The Force Awakens underlines that the Dark Side is propped up by a machine of conformity. The point comes through most clearly during a scene in which the First Order’s General Hux (Domhnall Gleeson) shouts in Fascist tones against a backdrop of red and black symbols that evoke a cross between Nazi and Communist imagery, before the army of Stormtroopers all raise an arm to salute him in unison. Meanwhile, the Resistance fighters and sympathizers with the Light Side are champions of individuality and diversity. Tiny, yellow, bespectacled Maz Kanata (Lupita Nyong’o) plays host to a gathering of all shapes, sizes, and species, in a throwback to Han’s usual haunts in the original trilogy. But the importance of building a society that values heterogeneity and individuation seems even more pointedly underlined here.

Fittingly, Abrams’ remix of the old Star Wars elements includes the choice to cast non-white actors in lead roles and make a woman the story’s most central hero and skilled fighter. The New York Times writes that Abrams’ “most far-reaching accomplishment here is casting Mr. Isaac, Mr. Boyega and Ms. Ridley — a Latino, a black man and a white woman — in this juggernaut series… the images of Mr. Boyega and Ms. Ridley each holding a lightsaber are among the most utopian moments in a Hollywood movie this year.”

The decision to make Boyega’s Stormtrooper not just a real character, but a central character, is an innovative narrative choice. Moreover, it is a sign of a more democratic underlying message than the prequels implied when Star Wars: Episode 1 - The Phantom Menace (1999) introduced the idea that the Force is made up of “Midichlorian” counts inherited in our bloodlines, implying that one must be born into Jedi talent, as if the Force were a kind of invisible aristocratic hierarchy.

J.J Abrams said in an interview with Slash Film that he wants us to feel we can all be Luke Skywalker: “To me Star Wars was never about science fiction — it was a spiritual story. And it was more of a fairytale in that regard. For me when I heard Obi-Wan say that the Force surrounds us and binds us all together, there was no judgement about who you were. This was something that we could all access. Being strong with the Force didn’t mean something scientific, it meant something spiritual. It meant someone who could believe, someone who could reach down to the depths of your feelings and follow this primal energy that was flowing through all of us….we would like to believe that when shit gets serious, that you could harness that Force I was told surrounds not just some of us but every living thing. And so, I really feel like the assumption that any character needs to have inherited a certain number of midi-chlorians or needs to be part of a bloodline… that wasn’t where my heart was. And so I respect and adhere to the canon but I also say that the Force has always seemed to me to be more inclusive and stronger than that.”

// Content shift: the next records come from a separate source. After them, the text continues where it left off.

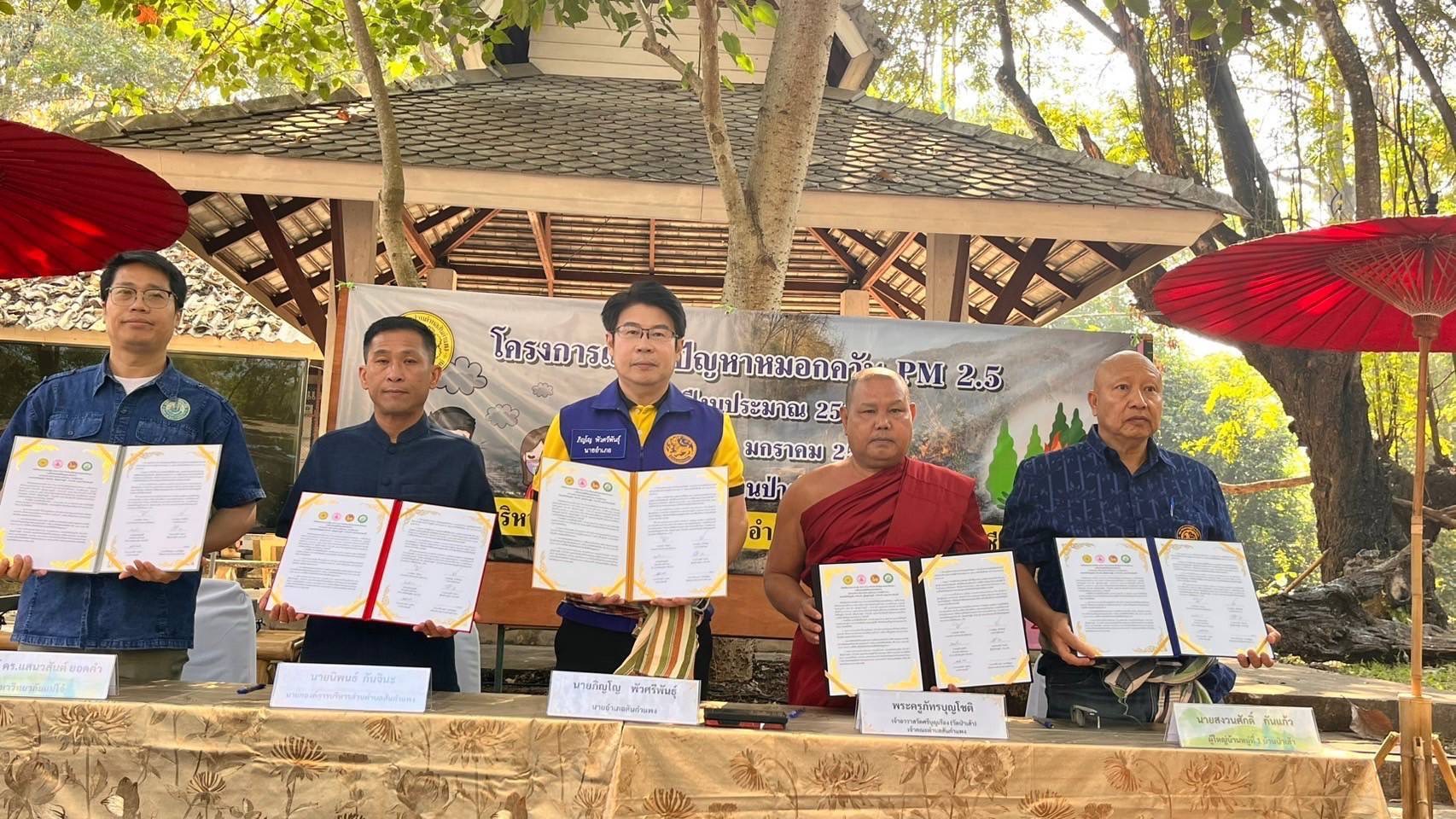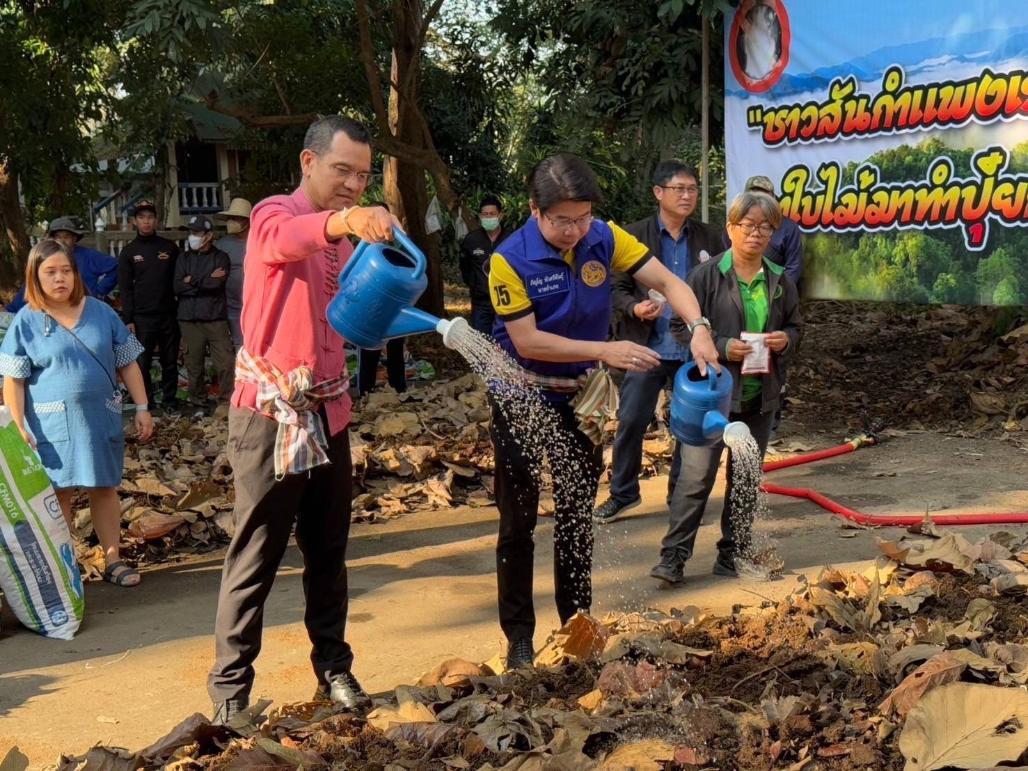 สำหรับกิจกรรมวันนี้ เป็นการอบรมให้ความรู้เกี่ยวกับไฟป่า หมอกควัน พร้อมกับได้มีการร่วมกันทำปุ๋ยหมักจากใบไม้ ทำน้ำหมักจุลินทรีย์ นอกจากนี้ยังมีการทำ MOU ร่วมกันระหว่างหน่วยงานภาครัฐ ผู้นำชุมชน มหาวิทยาลัยแม่โจ้ และคณะสงฆ์ และกิจกรรม Kick Off เดินหน้าเข้าหาไฟ ลดการเผา อำเภอสันกำแพง โดยสาธิตวิธีการไถกลบแทนการเผา และการหว่านเมล็ดปอเทืองบริเวณที่ไถกลบ เพื่อเป็นปุ๋ยพืชสด เตรียมพื้นที่เพื่อใช้ในการทำนาต่อไป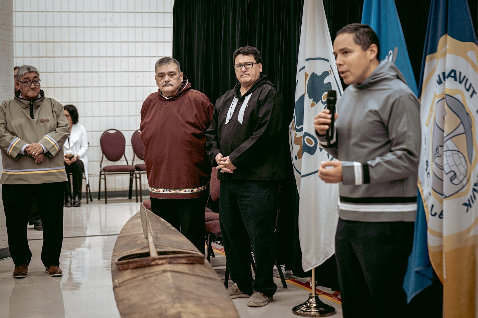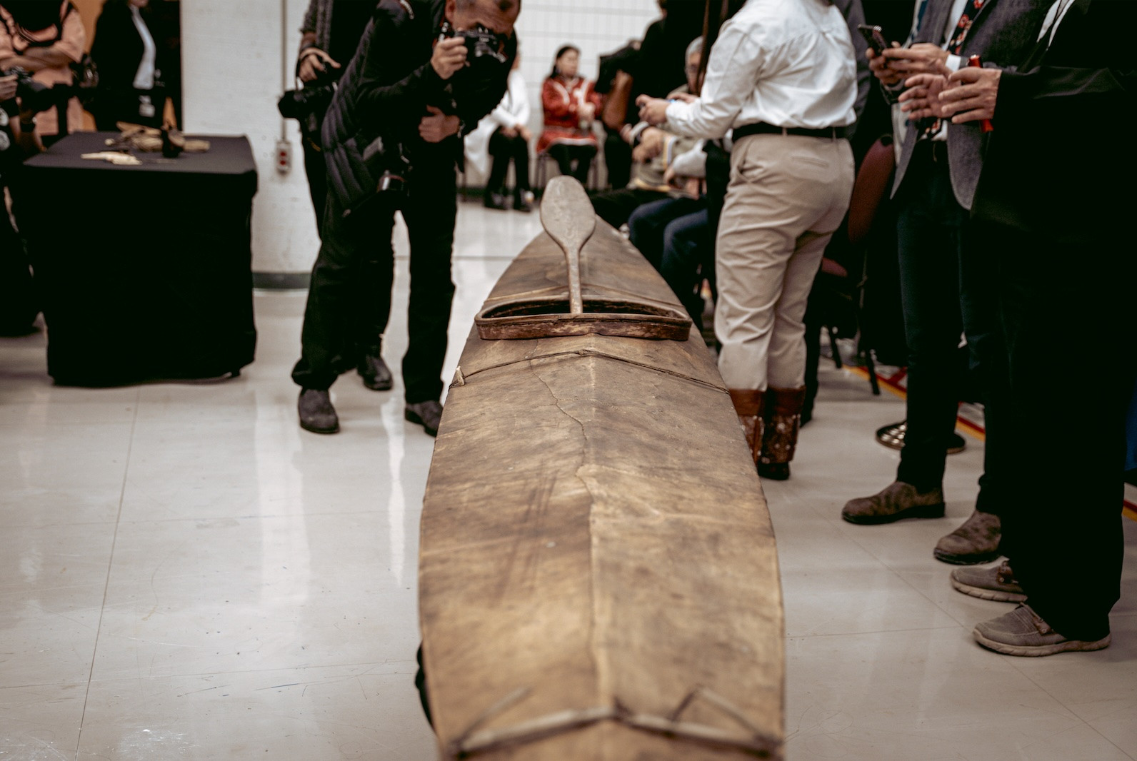 Dans la salle, une militante inuite prend la parole, d’abord en inuktitut, puis en anglais. Elle demande si ce type de rapatriement ne pourrait pas accélérer la création d’un véritable musée inuit, plus vaste que le tout petit espace actuel à Iqaluit. On lui répond qu’un projet d’envergure est bien dans l’air, mais qu’il n’en est encore qu’à ses balbutiements. Pour l’instant, la majorité des artefacts historiques sont exposés à Yellowknife, Winnipeg et Ottawa. Quant à ce kayak, si l’on souhaite un jour le voir dans le Nord, encore faudra-t-il qu’il existe un lieu pour l’accueillir.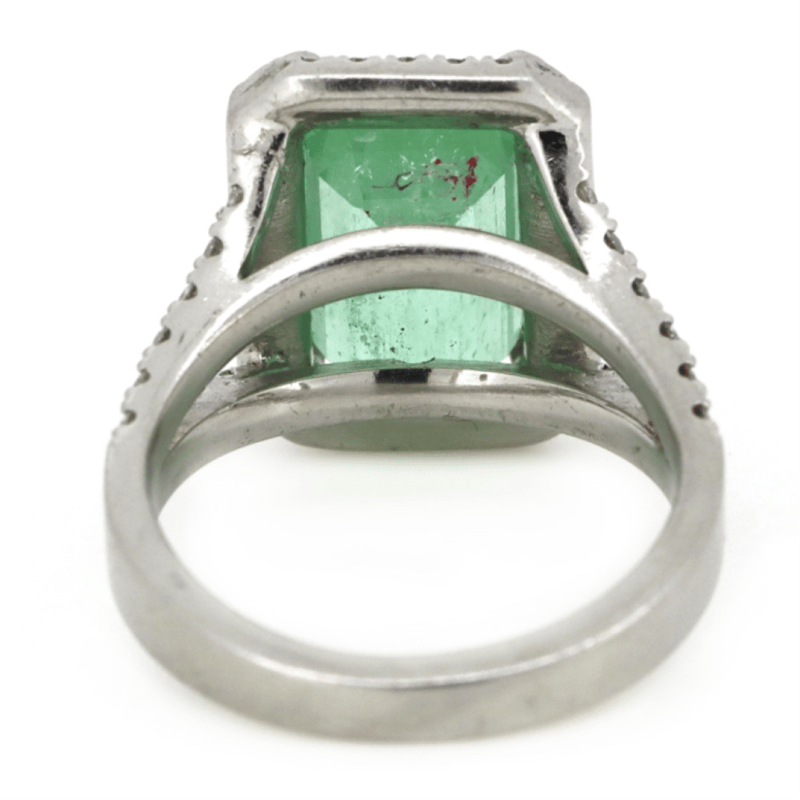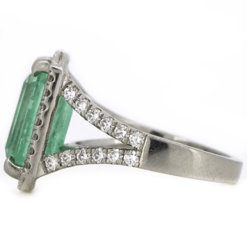 The Centre Features, One Rectangle Emerald Cut, Moderate Green, Colombian Emerald (3.29Ct, Moderately Included), Claw Set. Encompassing The Design And Decorating The Band, 58 Round Brilliant Cut, Diamonds (0.66Ct Tdw, F-G Colour, Vs1-Vs2 Clarity), Micro-Bead Set. Ring Size I.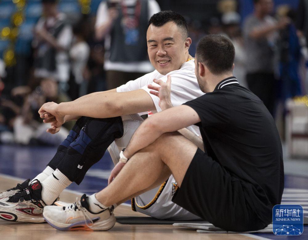 ↑辽宁本钢队球员韩德君(左)在比赛前。新华社记者 雒圆 摄
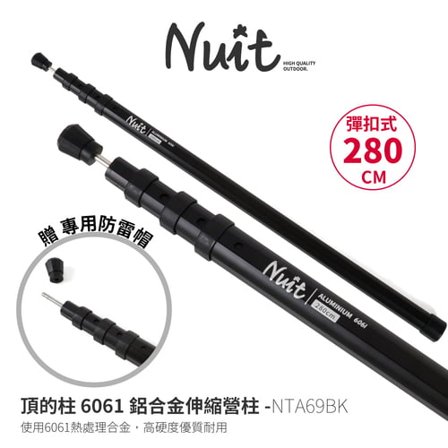 NTA69BK 努特NUIT頂的柱 6061鋁合金伸縮營柱94-280cm 鋁合金伸縮營柱 前庭柱 天幕營柱 營燈柱 天幕桿 營柱桿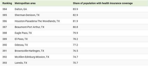 Laredo, a border city in Southern Texas was the metro area with the lowest share of residents with health insurance at 70.7%.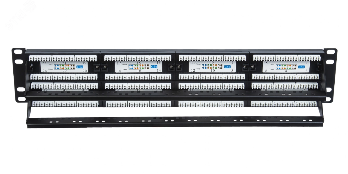 Панели коммутационные представляет собой устройство для фиксированного монтажа кабелей горизонтальной системы СКС и подключения их посредством коммутационных шнуров к активному оборудованию. Также возможно применение коммутационных панелей в составе кроссового соединения (кросс-коннект). Использование панели значительно облегчает администрирование СКС объекта. Панели различаются как конструкционно - экранированные и неэкранированные, так и по количеству установленных портов для коммутации. Наличие кабельного организатора с задней стороны панели позволяет закрепить подводимые кабели. Также обязательно следует обращать внимание на категорию используемой панели – она должна совпадать с категорией используемого кабеля и коммутационных шнуров.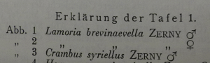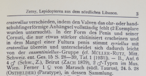 - Erstbeschreibung: Zerny, H. (1933): Lepidopteren aus dem nördlichen Libanon. — Deutsche Entomologische Zeitschrift „Iris“ 47 (2-3): 60-109, pl. 1. Dresden.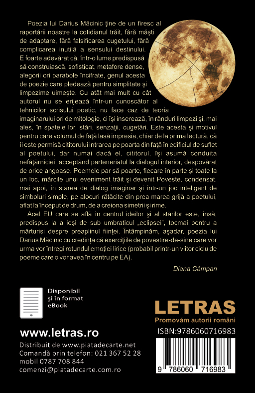 Acel EU care se afla in centrul ideilor si al starilor este, insa, predispus la a iesi de sub umbraticul ,,eclipsei”, tocmai pentru a marturisi despre preaplinul fiintei. Intampinam, asadar, poezia lui Darius Macinic cu credinta ca exercitiile de povestire-de-sine care vor urma vor intregi rotundul emotiei lirice (probabil printr-un viitor ciclu de poeme care o vor avea in centru pe EA). –DIANA CAMPAN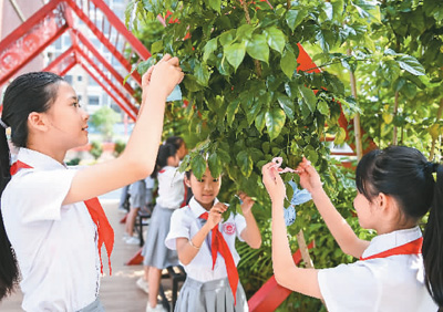 6月20日,在广西壮族自治区玉林市兴业县第一实验小学,学生们将制作好的香囊挂在树上。
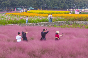 2025年10月14日,江苏省连云港市灌云县伊园景区,游客在欣赏粉黛乱子草。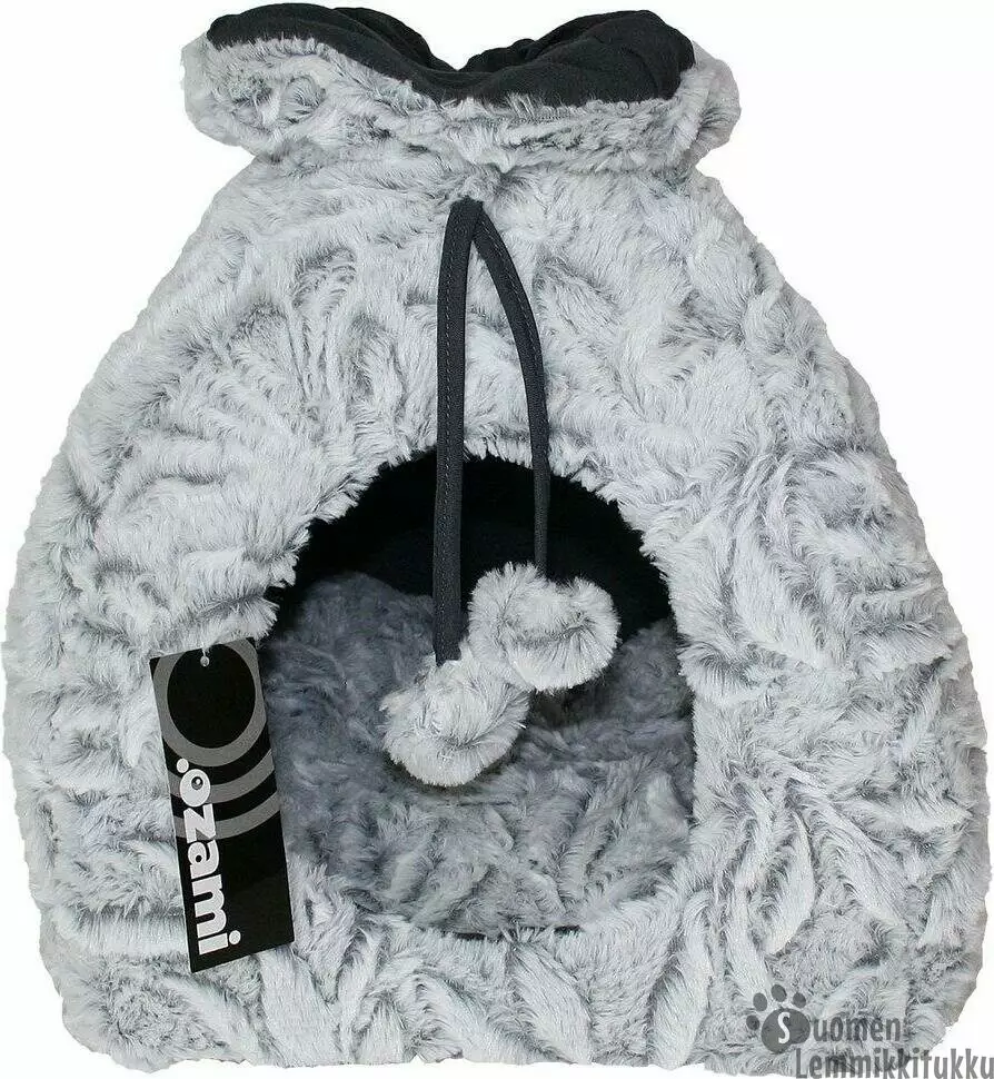 Sissela Kissaniglu on pehmeä ja viihtyisä pesäkolo, joka on tehty tekoturkiksesta. Etuosan turkispallot on kiinni nuorassa, jolla iglun yläosa solmitaan kiinni. Iglun voi jättää yläosasta myös auki, kun jättää narut solmimatta. Iglun sisällä on ihanan pehmoinen irrotettava tyyny.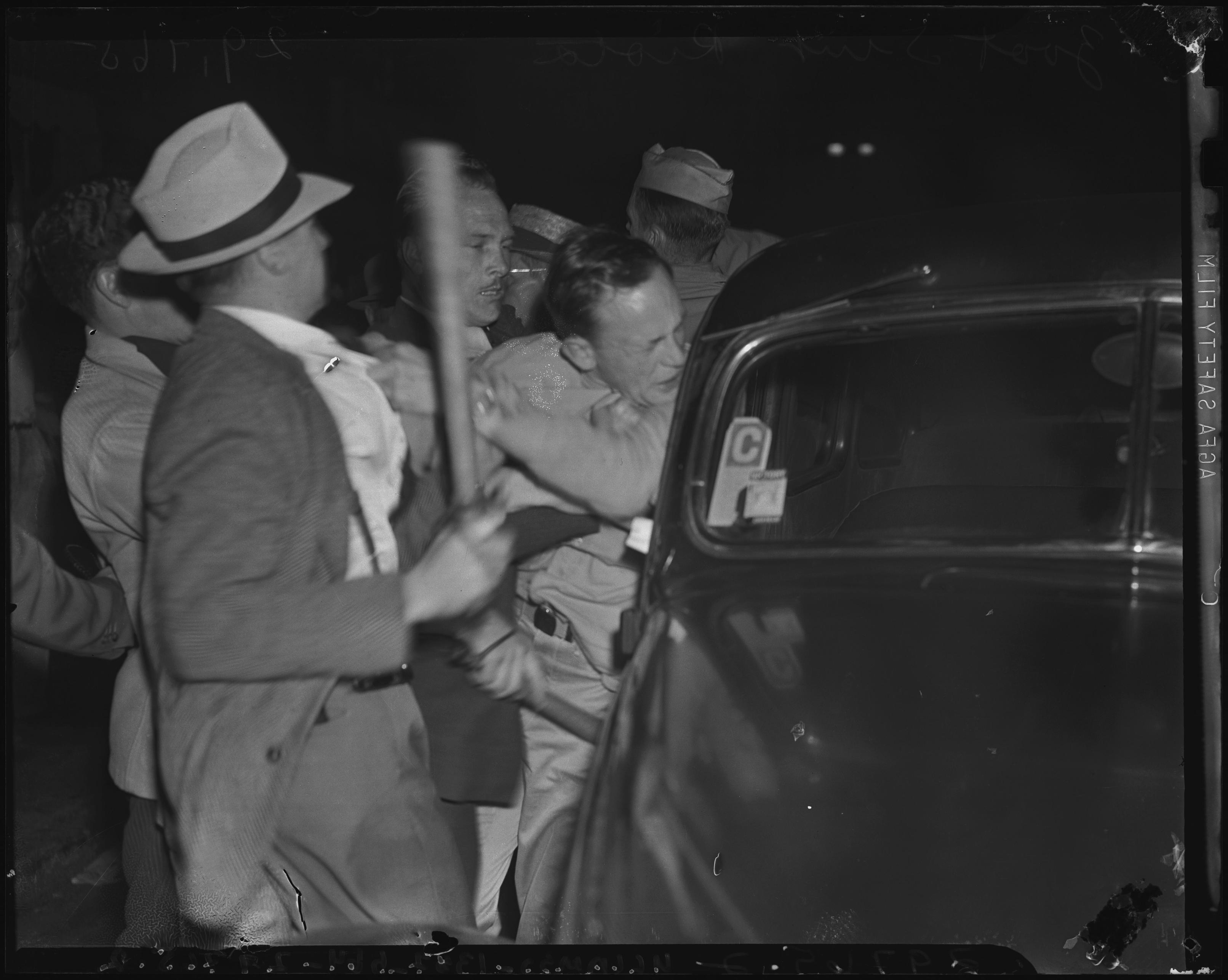 As a man is seemingly trying to break the passenger window on a car, another man confronts him with a bat or club as others in the skirmish crowd nearby, including men in armed services uniforms.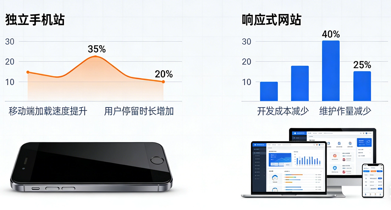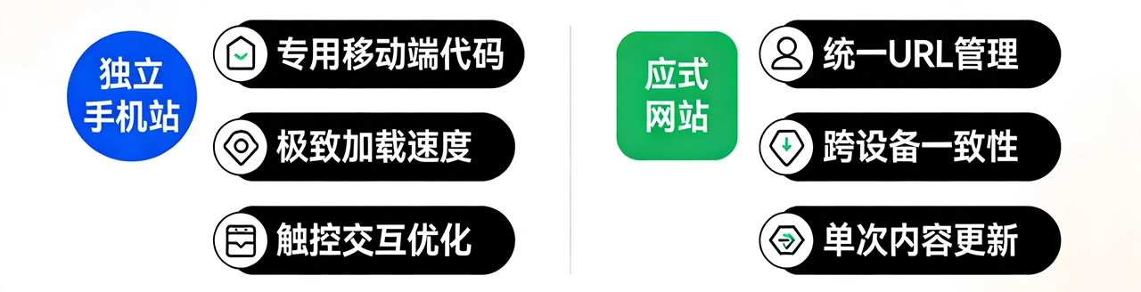 在移动互联网主导的时代,企业网站建设面临关键抉择:采用响应式适配还是独立手机站?本文基于行业数据与实践经验,深度剖析两种方案的优劣,并聚焦独立手机站如何通过APP级体验、专属界面设计及优化灵活性,成为提升用户留存与转化的利器。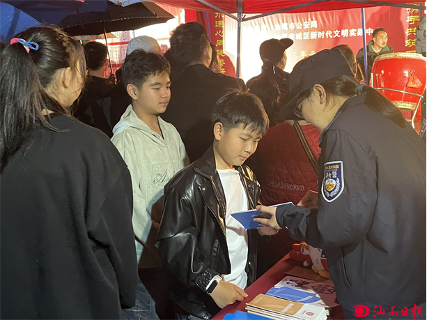 “院前芳枝挂半空,猜打击走私相关名词”“谜底就在宣传手册里,大家可以翻翻看”……在活动宣传摊位上,民警通过张贴海报、发放宣传资料等方式,向群众普及反走私反偷渡、防范电信诈骗、禁毒等相关法律法规,而张贴在舞台上的谜笺围绕主题,巧妙融入相关知识,吸引了许多群众驻足参与。此次活动以“接地气”的方式筑牢群众防范意识,让“全民共建平安汕尾”理念与团圆喜气共融。

Choosing to peek behind the Stormtrooper mask is a brilliant means of reminding us of the lesson we first learned from Darth Vadar’s story of redemption: however fearsome or invulnerable any individual may seem, we are all human beings who once came from somewhere. We are all capable of change and surprises. In Finn’s awakening and escape, The Force Awakens challenges us to see the potential spark of humanity even in the Stormtrooper, the once-symbol of terrifying soulnessess. If we come to view the Stormtroopers as an enslaved people, rather than blank machinery, we understand that the potential life and humanity in the universe is beyond what we could imagine before the Force awakens.